#### Try it:
Search the records for the line with "Unstretched Oil painting". Output that line and each line after it, exactly, and stop at the end; omit pictures.
Data supplied: Begin
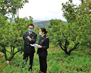 海關(guān)關(guān)員在果園現(xiàn)場考核 通訊員 鄒琨 圖
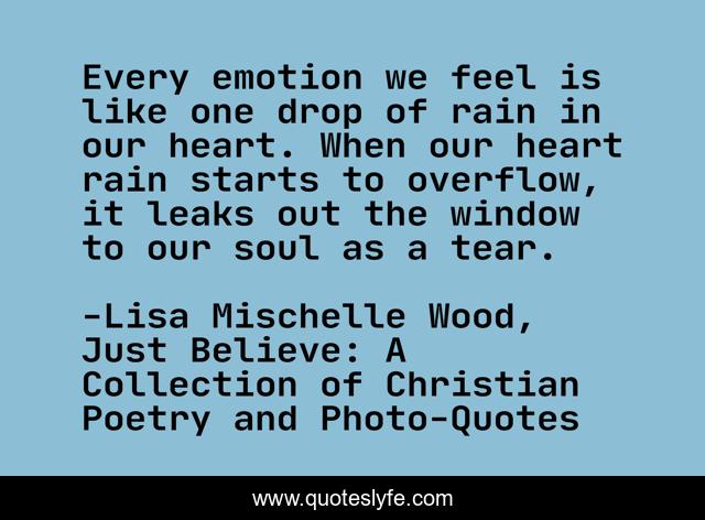 This page presents the quote "Every emotion we feel is like one drop of rain in our heart. When our heart rain starts to overflow, it leaks out the window to our soul as a tear.". Author of this quote is Lisa Mischelle Wood, Just Believe: A Collection of Christian Poetry and Photo-Quotes. This quote is about heart, tears, soul, emotions,.
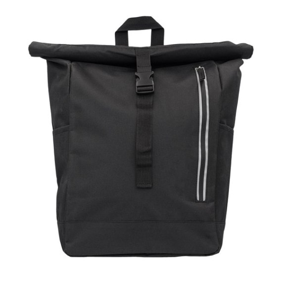 Jednokomorowy plecak ze zwijanym zamknięciem zapinanym na klamrę. Wyposażony w dwie kieszenie boczne i przednią kieszeń na suwak z odblaskową, widoczną w ciemności taśmą.
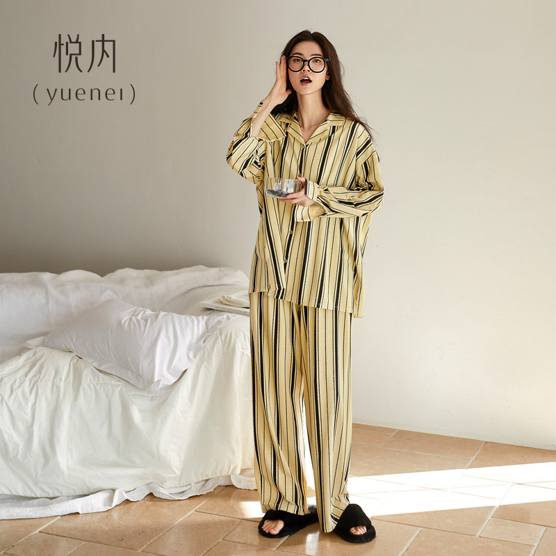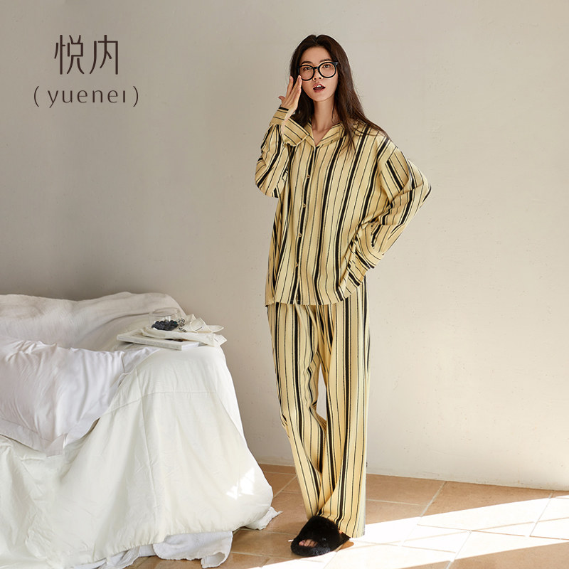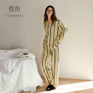 秋款 条纹开衫 纯棉长袖 家居服宽松大码 可外穿 长裤 悦内睡衣女春秋季
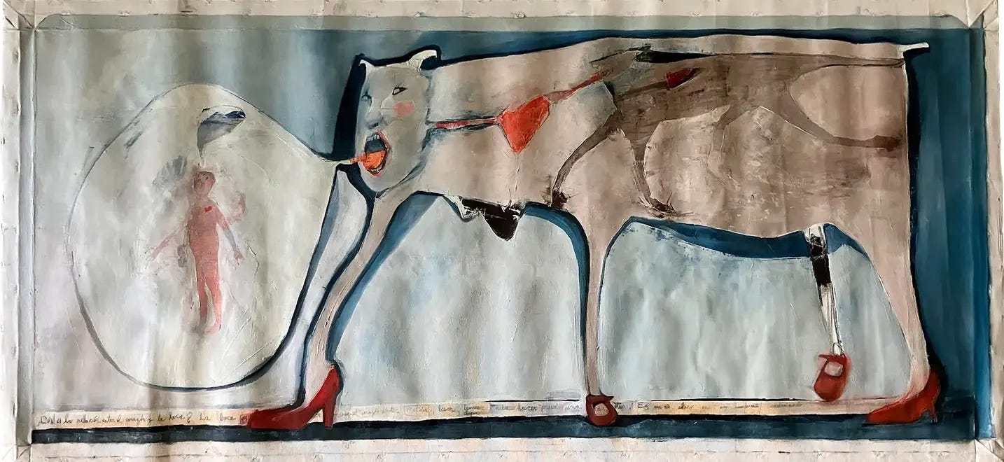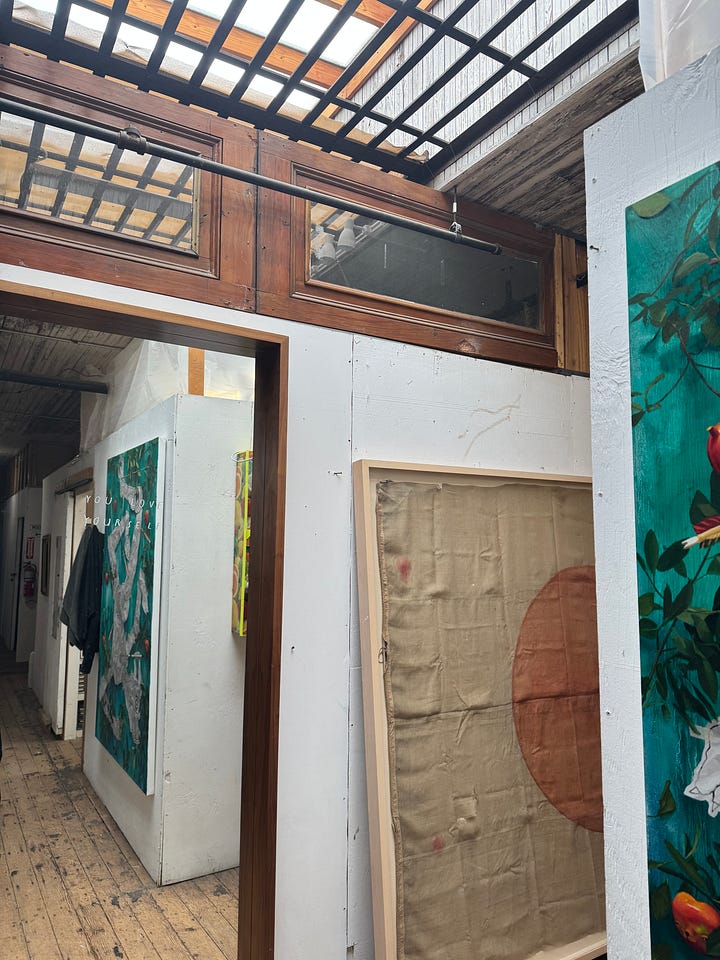 Unstretched Oil painting by Lorena Cabrera. Unstretched canvas gives this piece a W.I.P, studio sensibility.
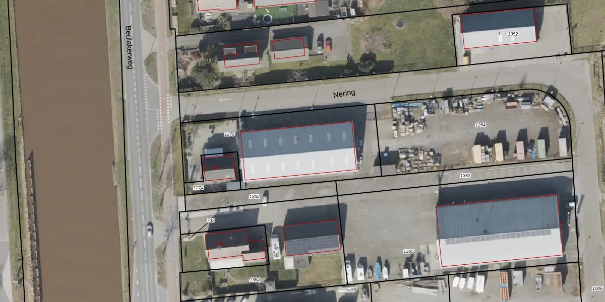 Het perceel waarop Nering 2 staat heeft een oppervlakte van 1381 m². Dit is een zeer groot perceel. De perceeloppervlakte wordt geregistreerd door het Kadaster. Gedetailleerde informatie over de maten van dit perceel kunt u vinden in het rapport Kadastrale kaart met maatvoering van Nering 2.
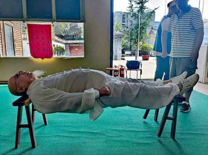 查拳的传承浸透了一代又一代人的汗水,李志干历经半世纪风雨仍未敛去功夫锋芒,兴致来时他能利落地展示“铁板桥”——头脚分架两凳,悬空仰卧,神态自若……
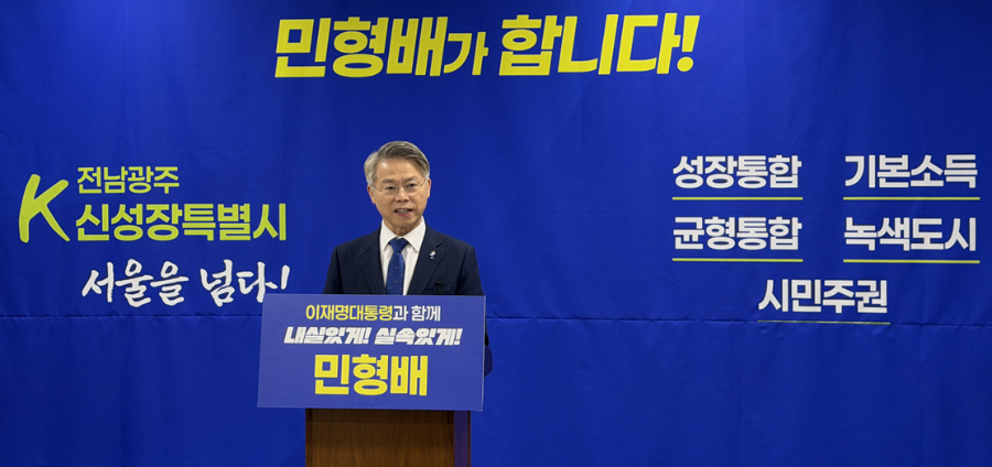 민형배 의원이 2일 광주시의회에서 전남·광주 통합특별시장 출마를 공식 선언했다. ‘서울을 넘는 세계 최고 경쟁력의 신성장 특별시’를 비전으로 제시한 이번 선언은, 광주·전남 전체의 권력 구조와 발전 전략을 다시 설계하겠다는 정치적 메시지로 해석된다.
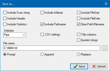 Individual fields are separated (delimited) by a pipe character (|). When HashTFS is used for the first time, the file list must at least contain the filename of the files that have to be checked. Status, Date, Time, Function Value and Value2 are added by HashTFS. An initial file list can be created manually, using a standard (UTF-8) text editor or by clicking the [New] button followed by the [Add] button. To generate a file list with ScanDir or ScanTFS use the following options when saving the file list: [v] Include Pathname; [v] Glue Path\Filename; Delimiter= Pipe;
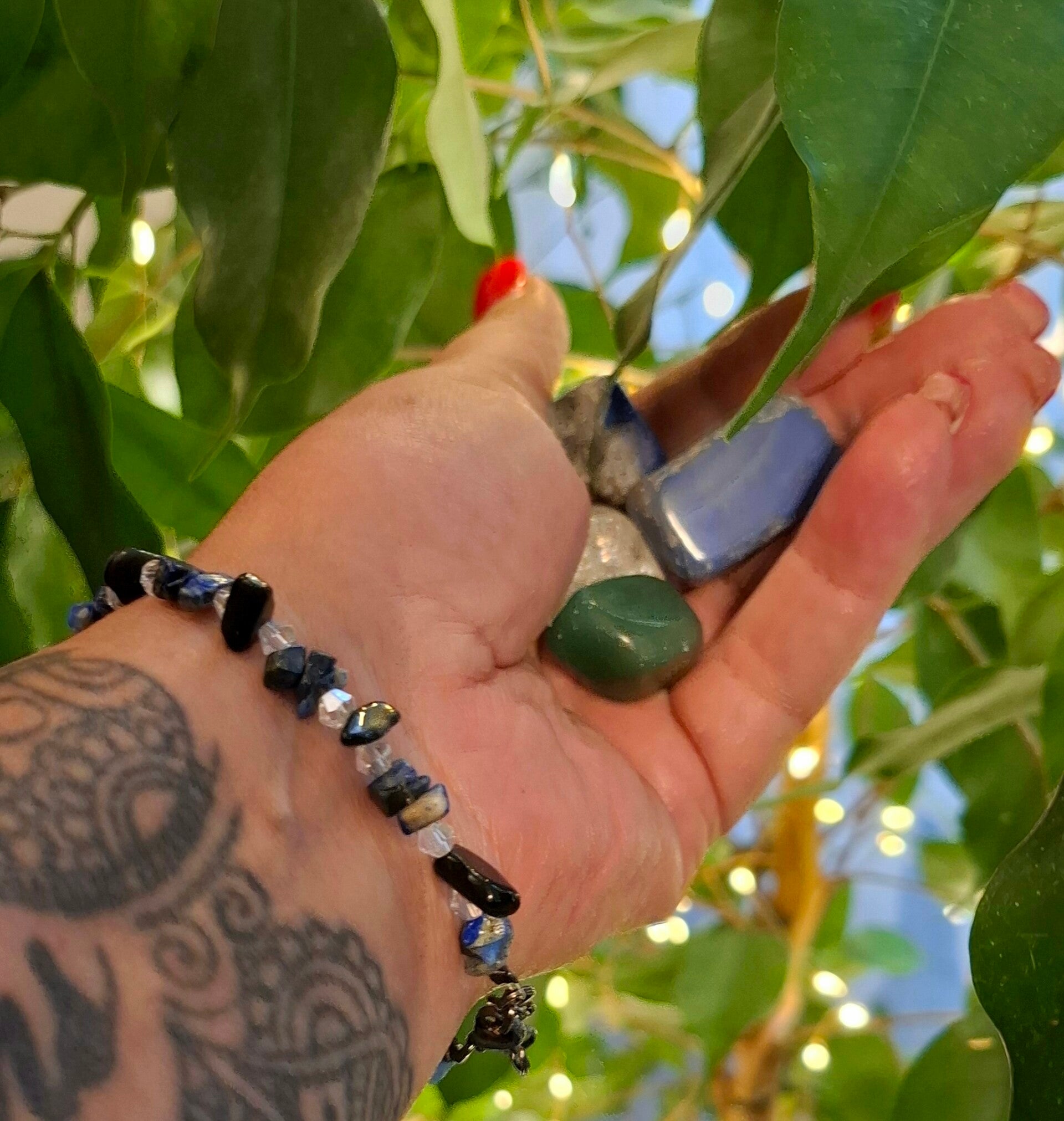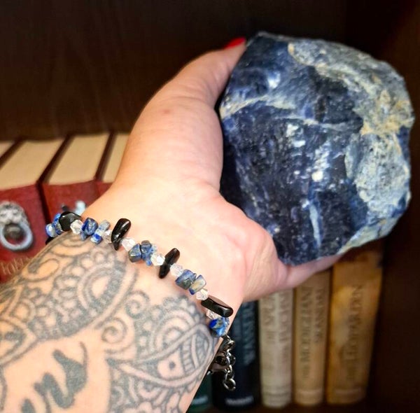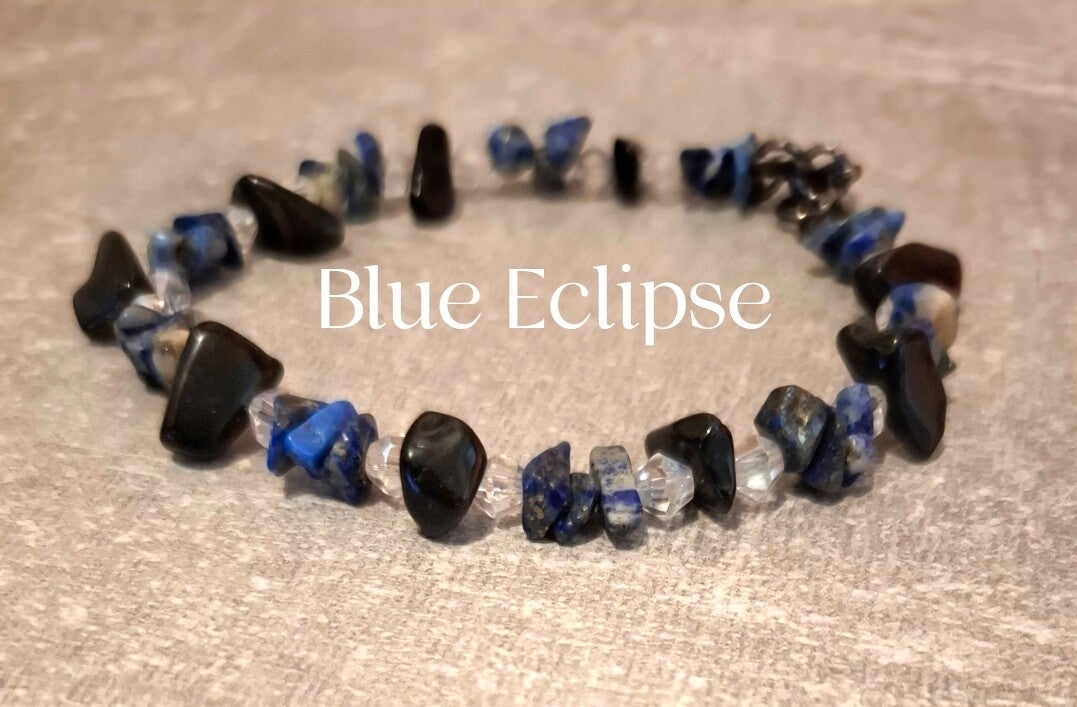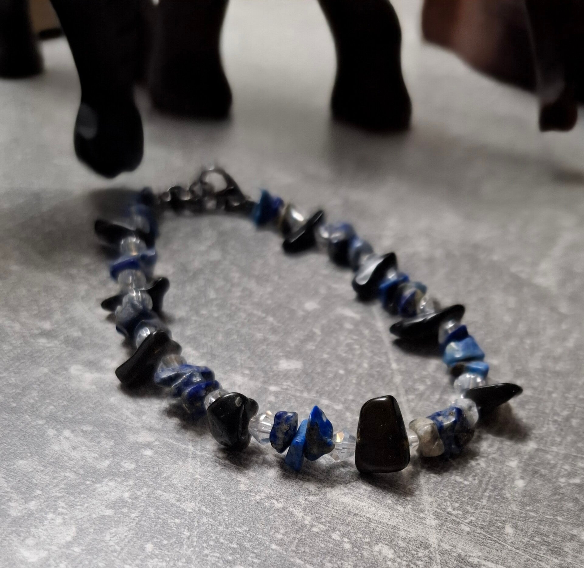 This handmade bracelet combines the wisdom of Lapis Lazuli, the protective power of Onyx, and the sparkling clarity of crystal beads. Inspired by a mysterious lunar eclipse, it symbolizes strength, truth, and inner clarity.
Data supplied: End
#### Answer:
 Unstretched Oil painting by Lorena Cabrera. Unstretched canvas gives this piece a W.I.P, studio sensibility.
 Het perceel waarop Nering 2 staat heeft een oppervlakte van 1381 m². Dit is een zeer groot perceel. De perceeloppervlakte wordt geregistreerd door het Kadaster. Gedetailleerde informatie over de maten van dit perceel kunt u vinden in het rapport Kadastrale kaart met maatvoering van Nering 2.
 查拳的传承浸透了一代又一代人的汗水,李志干历经半世纪风雨仍未敛去功夫锋芒,兴致来时他能利落地展示“铁板桥”——头脚分架两凳,悬空仰卧,神态自若……
 민형배 의원이 2일 광주시의회에서 전남·광주 통합특별시장 출마를 공식 선언했다. ‘서울을 넘는 세계 최고 경쟁력의 신성장 특별시’를 비전으로 제시한 이번 선언은, 광주·전남 전체의 권력 구조와 발전 전략을 다시 설계하겠다는 정치적 메시지로 해석된다.
 Individual fields are separated (delimited) by a pipe character (|). When HashTFS is used for the first time, the file list must at least contain the filename of the files that have to be checked. Status, Date, Time, Function Value and Value2 are added by HashTFS. An initial file list can be created manually, using a standard (UTF-8) text editor or by clicking the [New] button followed by the [Add] button. To generate a file list with ScanDir or ScanTFS use the following options when saving the file list: [v] Include Pathname; [v] Glue Path\Filename; Delimiter= Pipe;
 This handmade bracelet combines the wisdom of Lapis Lazuli, the protective power of Onyx, and the sparkling clarity of crystal beads. Inspired by a mysterious lunar eclipse, it symbolizes strength, truth, and inner clarity.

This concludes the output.